Attach settings at either level:

Model settings
import { Runner, Agent } from '@openai/agents';
const agent = new Agent({
name: 'Creative writer',
// ...
modelSettings: { temperature: 0.7, toolChoice: 'auto' },
});
// or globally
new Runner({ modelSettings: { temperature: 0.3 } });

Runner‑level settings override any conflicting per‑agent settings.

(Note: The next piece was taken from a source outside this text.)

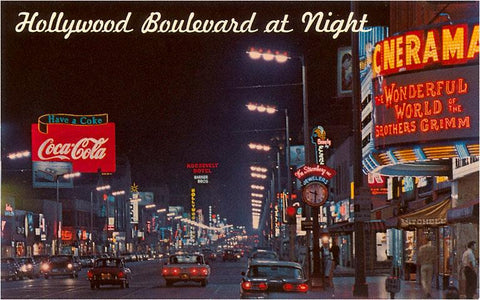 LA-497 Hollywood Boulevard at Night - Vintage Image

Agents can be configured with a prompt parameter, indicating a server-stored prompt configuration that should be used to control the Agent’s behavior. Currently, this option is only supported when you use the OpenAI Responses API.

FieldTypeNotes
promptIdstringUnique identifier for a prompt.
versionstringVersion of the prompt you wish to use.
variablesobjectA key/value pair of variables to substitute into the prompt. Values can be strings or content input types like text, images, or files.
Agent with prompt
import { Agent, run } from '@openai/agents';
async function main() {
const agent = new Agent({
name: 'Assistant',
prompt: {
promptId: 'pmpt_684b3b772e648193b92404d7d0101d8a07f7a7903e519946',
version: '1',
variables: {
poem_style: 'limerick',
},
},
});
const result = await run(agent, 'Write about unrequited love.');
console.log(result.finalOutput);
}
if (require.main === module) {
main().catch(console.error);
}

Any additional agent configuration, like tools or instructions, will override the values you may have configured in your stored prompt.

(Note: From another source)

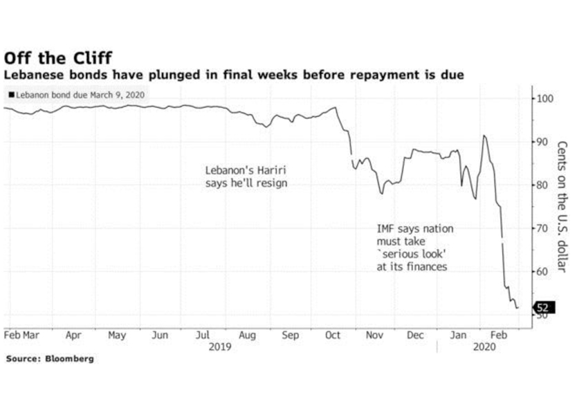 كما أنّ التقييم الذي تمنحه أي مؤسسة لدولة، يظلّ مرجعاً عند تقييم سندات الخزينة بالعملة الأجنبية للبلد المعني، والمخاطرة في الاستثمار فيها (السندات)، والظروف الاقتصادية العامة والتغييرات التنظيمية والاضطرابات السياسية المؤثرة بالمناخ الاستثماري...وتبيّن توازي تطوّر أسعار سندات لبنان مع مجمل هذه العوامل السياسية والاقتصادية في هذا الرسم البياني لوكالة «بلومبرغ».

Implementing your own provider is straightforward – implement ModelProvider and Model and pass the provider to the Runner constructor:

Minimal custom provider
import {
ModelProvider,
Model,
ModelRequest,
ModelResponse,
ResponseStreamEvent,
} from '@openai/agents-core';
import { Agent, Runner } from '@openai/agents';
class EchoModel implements Model {
name: string;
constructor() {
this.name = 'Echo';
}
async getResponse(request: ModelRequest): Promise<ModelResponse> {
return {
usage: {},
output: [{ role: 'assistant', content: request.input as string }],
} as any;
}
async *getStreamedResponse(
_request: ModelRequest,
): AsyncIterable<ResponseStreamEvent> {
yield {
type: 'response.completed',
response: { output: [], usage: {} },
} as any;
}
}
class EchoProvider implements ModelProvider {
getModel(_modelName?: string): Promise<Model> | Model {
return new EchoModel();
}
}
const runner = new Runner({ modelProvider: new EchoProvider() });
console.log(runner.config.modelProvider.getModel());
const agent = new Agent({
name: 'Test Agent',
instructions: 'You are a helpful assistant.',
model: new EchoModel(),
modelSettings: { temperature: 0.7, toolChoice: 'auto' },
});
console.log(agent.model);

When using the OpenAI provider you can opt‑in to automatic trace export by providing your API key:

Tracing exporter
import { setTracingExportApiKey } from '@openai/agents';
setTracingExportApiKey('sk-...');

This sends traces to the OpenAI dashboard where you can inspect the complete execution graph of your workflow.